Hartlage Gregory R, Suever Jonathan D, Clement-Guinaudeau Stephanie, Strickland Patrick T, Ghasemzadeh Nima, Magrath R Patrick, Parikh Ankit, Lerakis Stamatios, Hoskins Michael H, Leon Angel R, Lloyd Michael S, Oshinski John N
Department of Radiology and Imaging Sciences, Emory University School of Medicine, Atlanta, GA, USA.
Department of Medicine, Division of Cardiology, Emory University School of Medicine, Atlanta, GA, USA.
J Cardiovasc Magn Reson. 2015 Jul 14;17(1):57. doi: 10.1186/s12968-015-0158-5.
Despite marked benefits in many heart failure patients, a considerable proportion of patients treated with cardiac resynchronization therapy (CRT) fail to respond appropriately. Recently, a "U-shaped" (type II) wall motion pattern identified by cardiovascular magnetic resonance (CMR) has been associated with improved CRT response compared to a homogenous (type I) wall motion pattern.
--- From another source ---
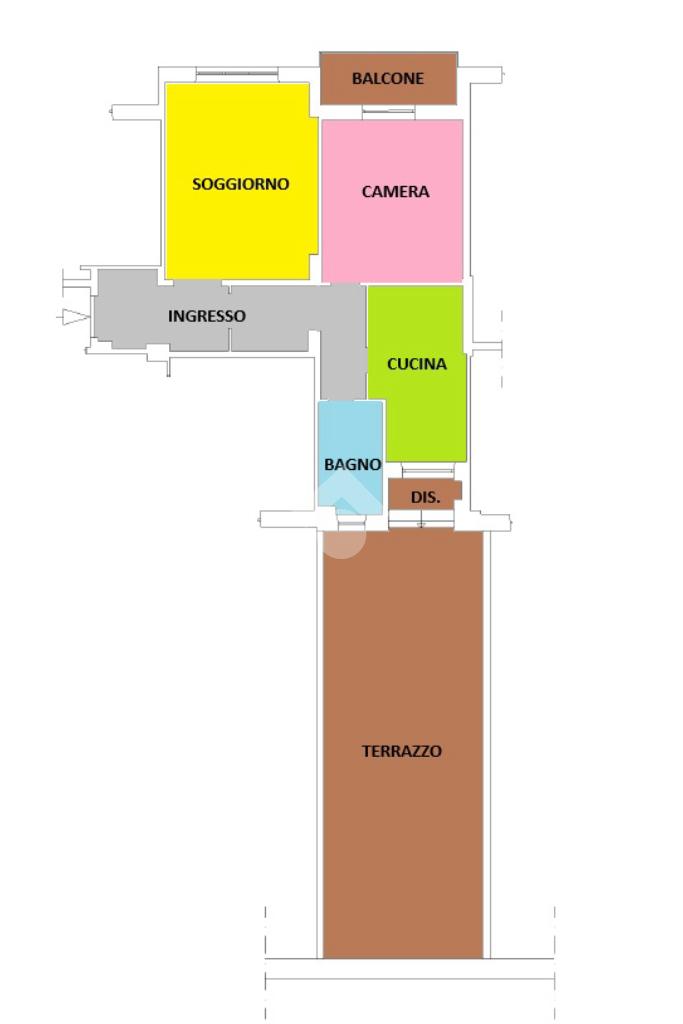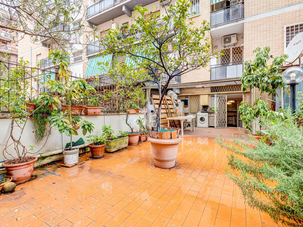 L’appartamento è attualmente composto da: ampio ingresso, soggiorno, camera da letto matrimoniale con balcone, bagno e una cucina abitabile dotata di un ampio terrazzo di 30 mq.

There is also evidence that a left ventricular (LV) lead localized to the latest contracting LV site predicts superior response, compared to an LV lead localized remotely from the latest contracting LV site.
We prospectively evaluated patients undergoing CRT with pre-procedural CMR to determine the presence of type I and type II wall motion patterns and pre-procedural echocardiography to determine end systolic volume (ESV). We assessed the final LV lead position on post-procedural fluoroscopic images to determine whether the lead was positioned concordant to or remote from the latest contracting LV site. CRT response was defined as a ≥ 15% reduction in ESV on a 6 month follow-up echocardiogram.
The study included 33 patients meeting conventional indications for CRT with a mean New York Heart Association class of 2.8 ± 0.4 and mean LV ejection fraction of 28 ± 9%. Overall, 55% of patients were echocardiographic responders by ESV criteria. Patients with both a type II pattern and an LV lead concordant to the latest contracting site (T2CL) had a response rate of 92%, compared to a response rate of 33% for those without T2CL (p = 0.003). T2CL was the only independent predictor of response on multivariate analysis (odds ratio 18, 95% confidence interval 1.6-206; p = 0.018). T2CL resulted in significant incremental improvement in prediction of echocardiographic response (increase in the area under the receiver operator curve from 0.69 to 0.84; p = 0.038).
The presence of a type II wall motion pattern on CMR and a concordant LV lead predicts superior CRT response. Improving patient selection by evaluating wall motion pattern and targeting LV lead placement may ultimately improve the response rate to CRT.
尽管心脏再同步治疗(CRT)对许多心力衰竭患者有显著益处,但相当一部分接受该治疗的患者并未产生适当反应。最近,与均匀(I型)室壁运动模式相比,心血管磁共振(CMR)识别出的“U型”(II型)室壁运动模式与CRT反应改善相关。也有证据表明,与位于远离左心室最晚收缩部位的左心室导线相比,位于左心室最晚收缩部位的左心室导线预示着更好的反应。
我们前瞻性地评估了接受CRT的患者,术前进行CMR以确定I型和II型室壁运动模式的存在,术前进行超声心动图检查以确定收缩末期容积(ESV)。我们在术后透视图像上评估最终的左心室导线位置,以确定导线位置是否与左心室最晚收缩部位一致或远离该部位。CRT反应定义为在6个月随访超声心动图上ESV降低≥15%。
该研究纳入了33例符合CRT常规适应证的患者,平均纽约心脏协会心功能分级为2.8±0.4,平均左心室射血分数为28±9%。总体而言,根据ESV标准,55%的患者为超声心动图反应者。具有II型模式且左心室导线与最晚收缩部位一致(T2CL)的患者反应率为92%,而没有T2CL的患者反应率为33%(p = 0.003)。在多变量分析中,T2CL是反应的唯一独立预测因素(比值比18,95%置信区间1.6 - 206;p = 0.018)。T2CL显著提高了超声心动图反应预测的准确性(受试者工作特征曲线下面积从0.69增加到0.84;p = 0.038)。
CMR上存在II型室壁运动模式且左心室导线位置一致预示着更好的CRT反应。通过评估室壁运动模式和靶向左心室导线放置来改善患者选择,最终可能提高CRT的反应率。